Add retryConfig to a step to configure retry behavior on failure (when implemented):
- type: functionBlock
label: push_config
functionBlock: "fb.examples.neops.io/configureDevice:1.0.0"
retryConfig:
maxRetries: 3
delay: 10
| Field | Required | Description |
|---|---|---|
maxRetries |
Yes | Number of retry attempts (1-100) |
delay |
No | Seconds between attempts (0-600) |
condition |
No | JMESPath condition that must be true for retry |
Planned Retry Behavior
- A step fails
- The engine checks if the step has
retryConfig - If
retryCount < maxRetries, the engine waitsdelayseconds and creates a new job - The retry job replaces the failed job (tracked via
replaces/replacedByreferences) - If all retries fail, the step is marked as permanently failed
Repeat Configuration
Not Yet Implemented
repeatConfig is defined in the workflow schema and can be set on steps, but the
execution engine does not yet consume it. Steps always execute once. This feature is
planned for a future release.
Repeat a step multiple times (independent of failure), when implemented:
- type: functionBlock
label: poll_status
functionBlock: "fb.examples.neops.io/checkStatus:1.0.0"
repeatConfig:
repeats: 5
delay: 60
condition:
type: jmes
jmes: "{{ poll_status.result.data.status != 'ready' }}"
| Field | Required | Description |
|---|---|---|
repeats |
No | Fixed number of repetitions (1-100) |
delay |
No | Seconds between iterations (0-600) |
condition |
No | Continue repeating while condition is true |
Provide either repeats (fixed count), condition (repeat while true), or both (whichever limit is reached first). Use repeat for polling patterns (wait until a device reboots, check convergence).
Failure Classification
When a step fails (after retries are exhausted, once implemented), the engine classifies the overall workflow failure:
graph TD
StepFail["Step failed"] --> COE{"continueOnError?<br/>(planned)"}
COE -->|Yes| Continue["Continue to next step"]
COE -->|No| Classify["Classify failure"]
Classify --> AllPure{"All executed<br/>steps pure?"}
AllPure -->|Yes| FS["FAILED_SAFE"]
AllPure -->|No| AnyIdemp{"All executed steps<br/>pure or idempotent?"}
AnyIdemp -->|Yes| AutoRetry["Eligible for<br/>workflow retry (planned)"]
AnyIdemp -->|No| FU["FAILED_UNSAFE"]
Implementation status
Today: Only the pure → FAILED_SAFE path is active. Everything else results in
FAILED_UNSAFE. The continueOnError and idempotent retry paths shown above are the
planned design. The engine already tracks isIdempotentExecution but does not yet
use it for decisions, and continueOnError is not yet enforced.
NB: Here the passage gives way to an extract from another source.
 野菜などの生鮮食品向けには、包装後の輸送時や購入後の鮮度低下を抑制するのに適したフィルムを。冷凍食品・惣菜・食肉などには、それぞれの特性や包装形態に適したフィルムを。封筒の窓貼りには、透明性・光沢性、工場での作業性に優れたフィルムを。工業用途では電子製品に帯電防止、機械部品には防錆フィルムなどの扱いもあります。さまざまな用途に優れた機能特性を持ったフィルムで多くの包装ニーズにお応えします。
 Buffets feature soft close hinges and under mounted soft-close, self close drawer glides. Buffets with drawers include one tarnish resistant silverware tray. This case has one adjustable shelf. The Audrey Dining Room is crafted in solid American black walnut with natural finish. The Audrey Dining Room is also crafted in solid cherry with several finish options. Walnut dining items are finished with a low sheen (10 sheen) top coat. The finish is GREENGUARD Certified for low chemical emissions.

| Result | Meaning | Action |
|---|---|---|
FAILED_SAFE |
No side effects occurred (all steps were pure) | Safe to discard or re-trigger |
FAILED_UNSAFE |
Side effects may have occurred | Investigate in Monitor App |
COMPLETED |
All steps succeeded | Nothing to do |
Rollback
Framework Placeholder
Rollback is defined in the execution model (ROLLBACK state, ROLLBACK job type)
but the rollback handler is currently a framework placeholder with no execution logic.
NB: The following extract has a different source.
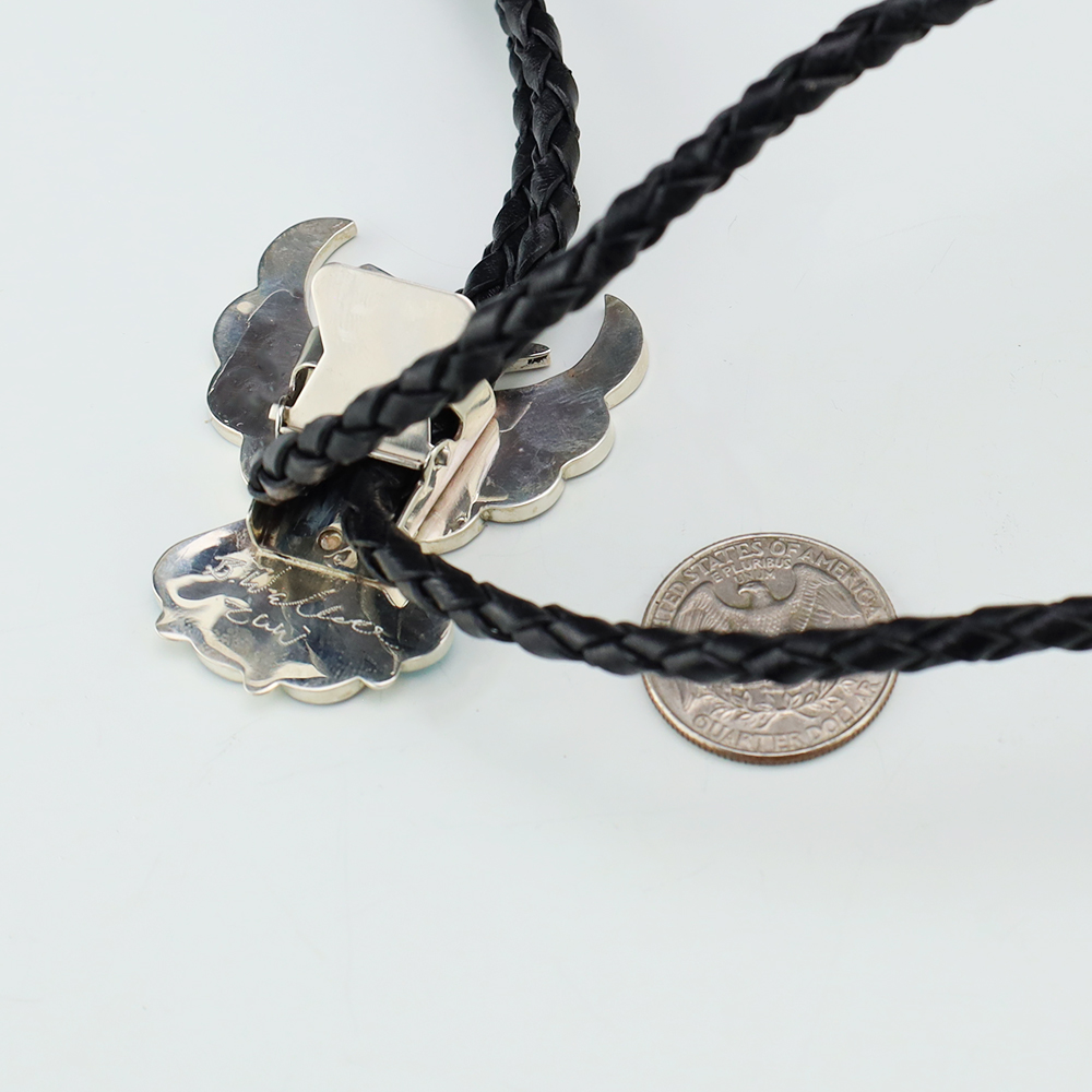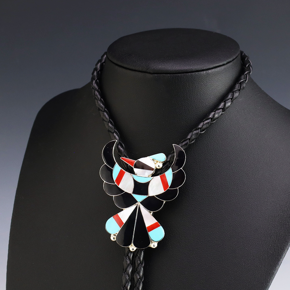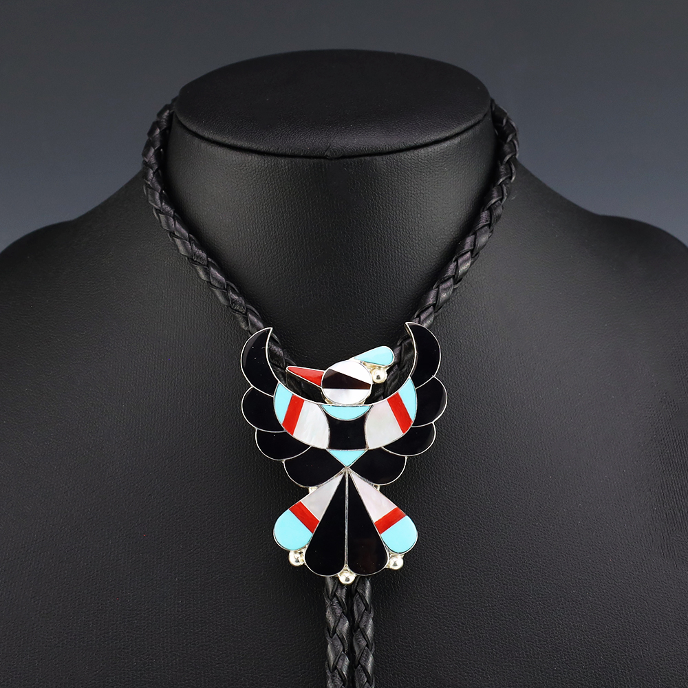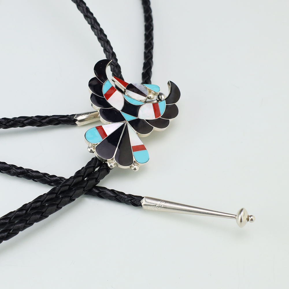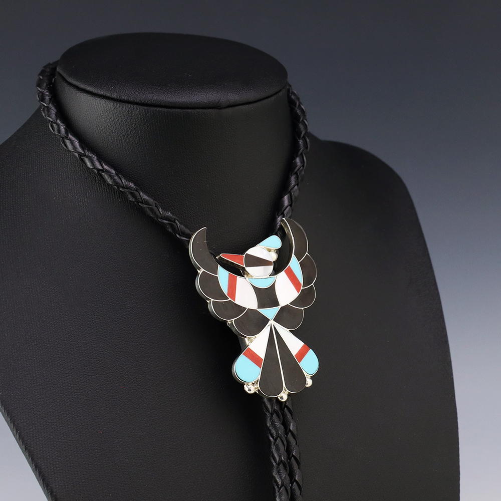 Zuni artist Breon Wallace made this outstanding Thunderbird bolo tie. Sterling silver with Turquoise, Jet, Coral, and Mother of Pearl Shell inlay. This handsome bolo tie will look great on any shirt. Weighs 28 grams. Signed

Function block developers can implement rollback() in the Worker SDK in preparation
for when the engine enables this feature.
Current workaround: Design a separate "rollback workflow" that reverses the changes made by the original workflow, and trigger it manually when needed.
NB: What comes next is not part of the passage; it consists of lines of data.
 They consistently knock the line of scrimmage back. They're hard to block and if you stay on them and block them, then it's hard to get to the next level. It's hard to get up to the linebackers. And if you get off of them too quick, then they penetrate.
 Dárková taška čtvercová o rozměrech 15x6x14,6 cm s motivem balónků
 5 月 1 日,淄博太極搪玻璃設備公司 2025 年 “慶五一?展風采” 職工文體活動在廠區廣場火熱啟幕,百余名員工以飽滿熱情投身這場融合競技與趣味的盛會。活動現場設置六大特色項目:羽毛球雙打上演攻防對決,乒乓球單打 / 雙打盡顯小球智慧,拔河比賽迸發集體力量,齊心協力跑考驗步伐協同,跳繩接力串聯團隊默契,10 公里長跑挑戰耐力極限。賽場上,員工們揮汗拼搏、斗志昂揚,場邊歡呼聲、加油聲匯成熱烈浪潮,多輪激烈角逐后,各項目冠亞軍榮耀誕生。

When fully implemented, the engine will support rollback for steps whose function blocks implement a rollback() method. Failed workflows will trigger rollback jobs in reverse step order.
Designing for Failure
Use isPure liberally.
: Every read-only function block should be marked pure. This gives the engine maximum information for failure classification.
Order steps strategically.
: Put pure steps first (data collection, validation) and configuration steps last. If the workflow fails during data collection, it is FAILED_SAFE.
Design idempotent configuration steps. : Prefer declarative configuration (replace entire section) over imperative (append line). Declarative configs are naturally idempotent, which will enable automatic retries when that feature is implemented.